Government spokesman Panitan Wattanayagorn, however, said a pause was unnecessary since troops were “not using weapons to crack down on civilians.’’ The government maintains it is targeting only armed terrorists among the demonstrators.
Authorities insisted they would continue the crackdown aimed at choking off the Red Shirts, who have occupied a 1-square-mile protest zone — barricaded by tires and bamboo spikes — in one of Bangkok’s ritziest areas since early April. The protesters are demanding that Prime Minister Abhisit Vejjajiva resign, dissolve Parliament, and call new elections.

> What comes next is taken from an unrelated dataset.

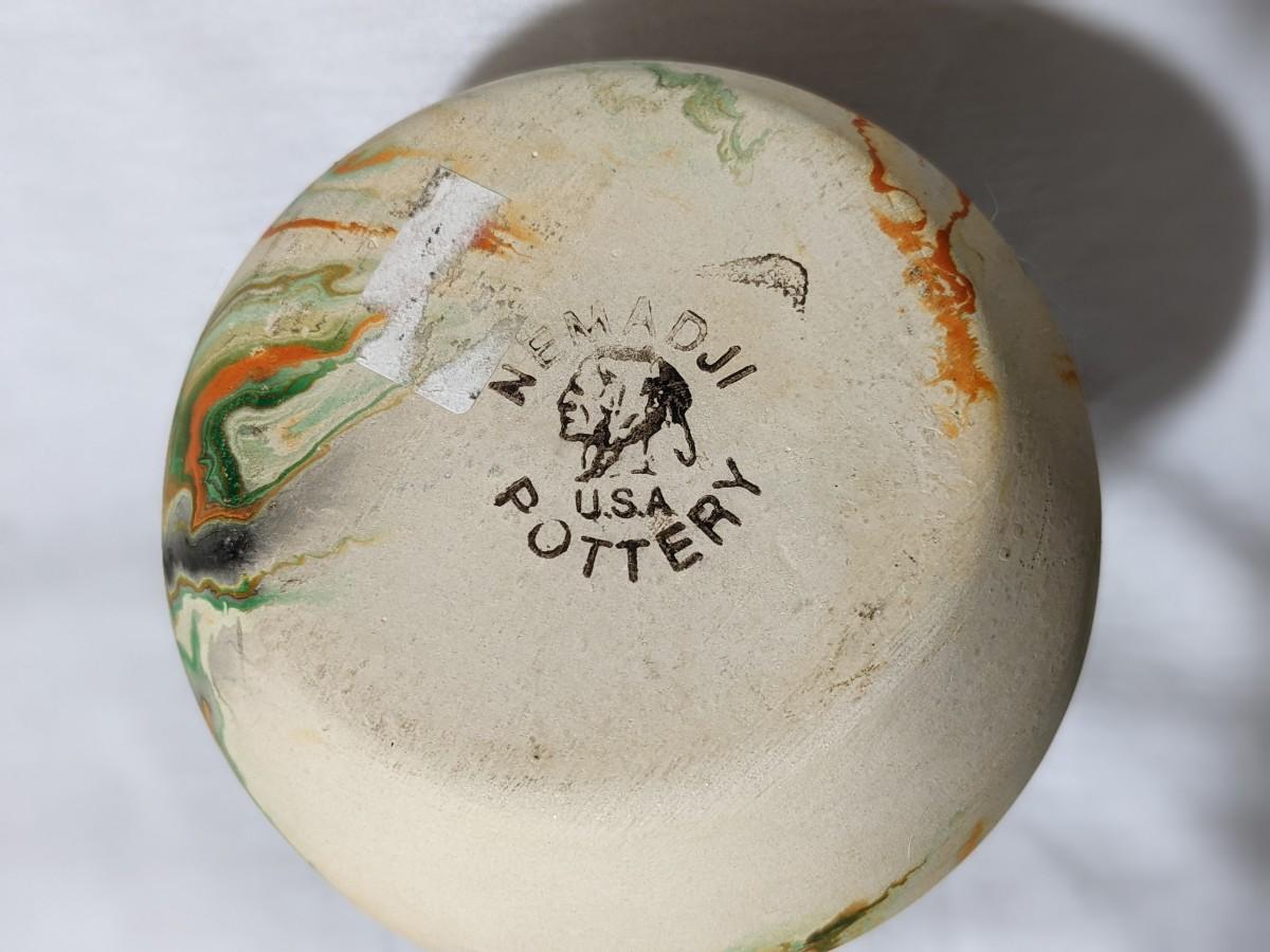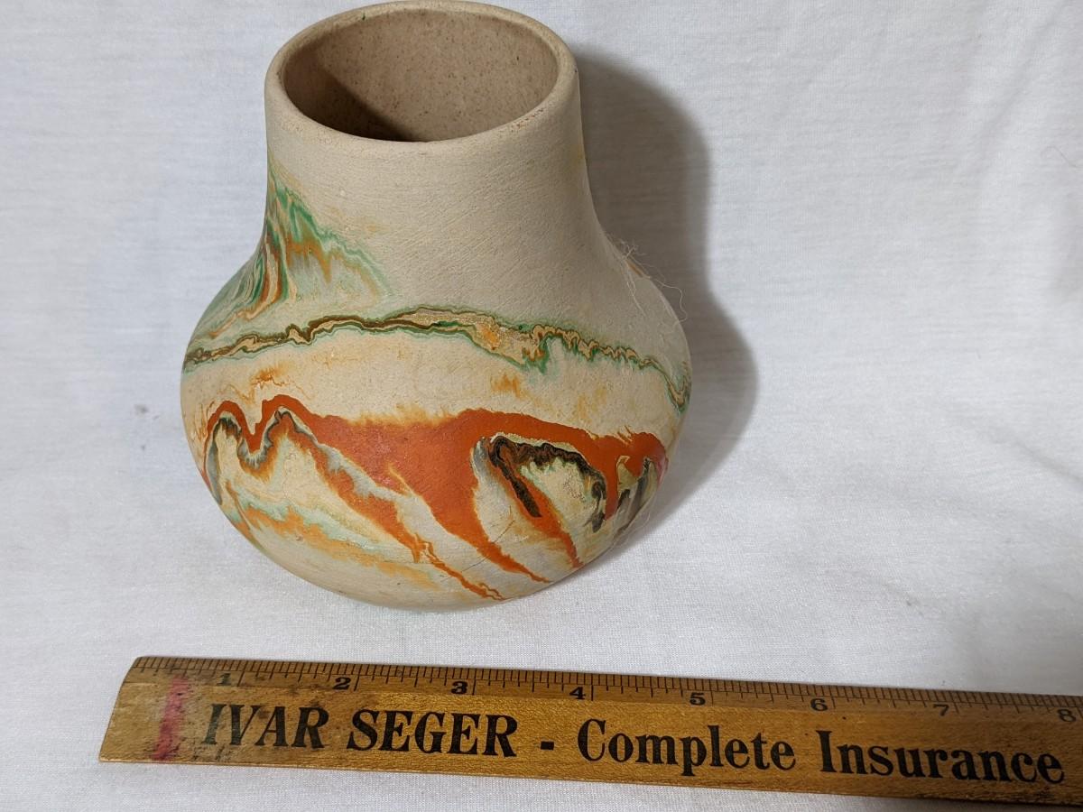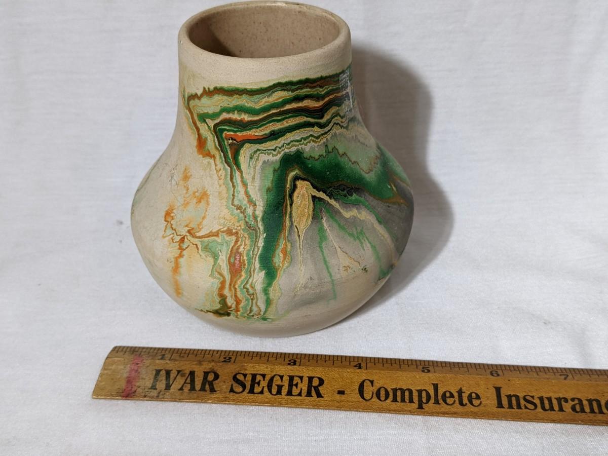 Nemadji Pottery Vase Green Brown Orange Swirls

The political conflict is Thailand’s deadliest and most prolonged in decades, and each passing day of violence deepens divides in this nation of 65 million — a key US ally and Southeast Asia’s second-largest economy. Thailand has long been considered a democratic oasis in Southeast Asia, and the unrest has shaken faith in its ability to restore and maintain stability.
Soldiers have encircled the core protest site and cut off utilities to the area, which yesterday had been largely free of violence. Protest leaders told women and children to move to a Buddhist temple compound within the zone.

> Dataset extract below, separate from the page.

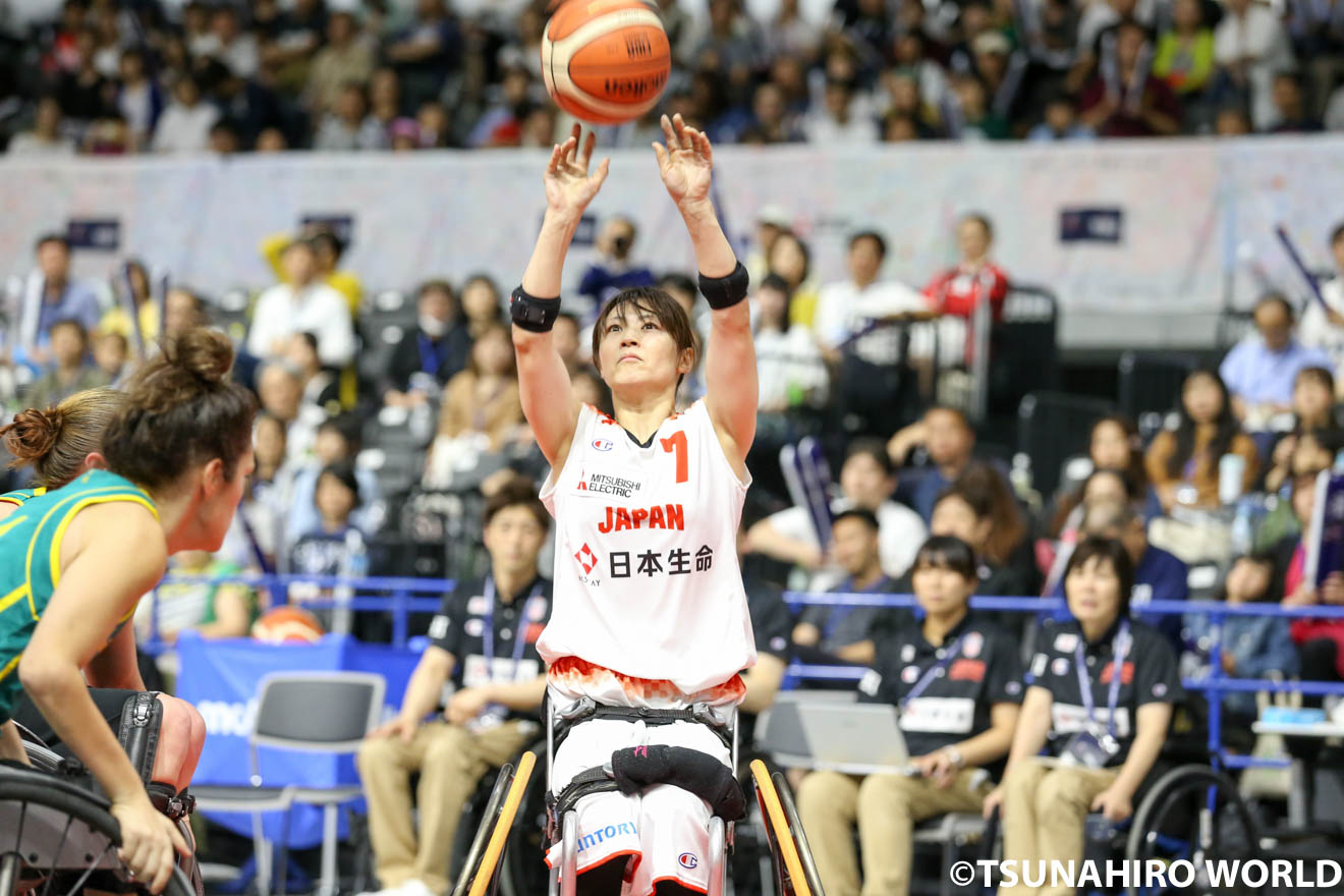 オーストラリアとの2戦目、第1Qから日本はオーストラリア相手に大きくリードする。「前半は今までで1番良かった」とキャプテン藤井郁美(4.0)が話すように、ディフェンスでオーストラリアに対し強くプレッシャーをかけ、日本に流れにもってきた。前半、チーム最多6得点を決めたローポインターの萩野真世(1.5)と柳本あまね(2.5)の見事な連携と、網本、財満いずみ(1.0)の得点で28-12とオーストラリアに16点の差をつけ前半を折り返した。

The areas between the site and the military’s perimeter have become a no-man’s land where gunshots and blasts can regularly be heard. But some of the worst clashes yesterday were behind the military cordon — an indication the unrest was not contained within the protest area and was spreading.
In one working-class neighborhood, several hundred demonstrators gathered under an expressway overpass and on side streets, where they were sheltered between clashes with nearby soldiers.
There were also reports of scattered unrest outside the capital.
A military bus was burned in the northern city of Chiang Mai and protesters demonstrated in the northeastern towns of Nongkhai and Udon Thani to defy the government’s state of emergency, which bans gatherings of more than five people.
The decree, which gives the army broad powers to restore order, was extended yesterday to 22 of Thailand’s 75 provinces, up from 17.
According to government figures, 59 people have died and more than 1,600 have been wounded since the Red Shirts began their protests in March. The toll includes 30 civilians killed and 232 injured since Thursday in fighting that has turned parts of Bangkok into a battleground.
About 5,000 people are believed camped in the protest area, down from about 10,000 before fighting started Thursday. The violence ignited after the army started forming a cordon around the protesters’ encampment and a sniper shot and seriously wounded a Red Shirt leader, a former army general who was their military strategist.
Today, media outlets reported that the renegade senior general, Khattiya Sawasdiphol, died of his gunshot wounds.
After night fell yesterday, gunfire and sporadic explosions echoed for more than three hours near a park that abuts the Red Shirts’ encampment.